Tradition says we are to pause and count our blessings this time of year. I see so much around me that clearly is not a blessing, on the surface. Unemployment, sickness, suicide (this has become far too prevalent near me lately), hard times for many who have never faced hard times before. It's difficult to be thankful when we have so much less to be thankful for these days.
A specific hardship for a family, a very sad occasion near me this past week. A man who at appearance had everything, a loving wife, children who have all excelled academically and athletically, a successful business that they'd just added a third location to, was in the middle of building a nice new (bigger) home for his family, went into his bathroom and shot himself in the head. No one was home at the time, the wife was still working at one of their stores, the children were all out doing their usual Friday night activities and no one had a clue he was so desolate in his thoughts with himself that he could do something so tragic.
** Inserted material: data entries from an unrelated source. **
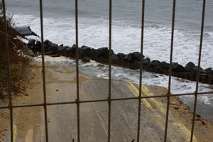 The view of the cliffs from the end of Beach Road showing the precarious position of several houses, as the cliffs are being eaten away by coastal erosion.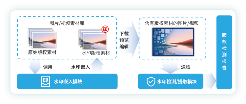 系统基于信息隐藏和AI检测技术开发,可将版权信息隐藏在图片、视频等版权作品中,实现版权作品在源头上的确权。通过AI快速检测技术实现对版权信息的精准提取,为版权维权提供有效证据,为版权交易提供有力支撑。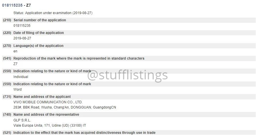 Chinese smartphone manufacturer Vivo recently took the wraps off the Vivo Z5 packing a Snapdragon 712 chipset. The company may drop the Z7 and Z9 sometime in the near future as it has filed for trademarks for both names.

I've been hurt, I've had upsetting times in my life, I live with sickness and pain that some days is almost impossible to deal with, but even in my darkest most hopeless moments I have never believed that giving it up and pulling the trigger on myself was the answer. The first thing I always think about is how my actions will affect the people I love most. How would they deal with what I was so selfish to have done? I could never do it, and even though I'm working really hard at trying to not be judgmental about someone else's choice, I can't help but think how incredibly selfish that was of him to do! I feel so sad for the family who will probably forever wonder why their love, affection, and being who they are were not good enough for that man to want to live any longer.
I will be thinking of that family tomorrow when in the midst of the gorging, laughter, practical jokes my kids are famous for, all 5 dogs chasing each other through the house and being underfoot waiting for crumbs to drop, and any last minute disasters of dinner I might have to deal with, it will all be welcome because we are all still here to share it.
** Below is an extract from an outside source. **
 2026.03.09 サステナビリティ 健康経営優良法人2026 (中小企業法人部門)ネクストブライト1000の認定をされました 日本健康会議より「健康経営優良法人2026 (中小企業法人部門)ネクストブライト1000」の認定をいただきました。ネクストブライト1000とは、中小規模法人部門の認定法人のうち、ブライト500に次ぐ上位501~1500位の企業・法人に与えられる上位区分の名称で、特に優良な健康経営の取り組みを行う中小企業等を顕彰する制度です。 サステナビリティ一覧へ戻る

Many blessings and peace to your household this Thanksgiving. May whatever God you believe in abundantly bless you and give you all the happiness and joy you can stand!
I was going to have some prestigious announcements about "Random Encounters" and "Bright Lights, Money & Show Biz, Honey" but it doesn't seem appropriate at the moment. I'll be back another time to blog about terrific things happening for me and my books.
Hug everybody today! Every blasted one of them, whether they deserve it or not. They may not be here next year for the hugging.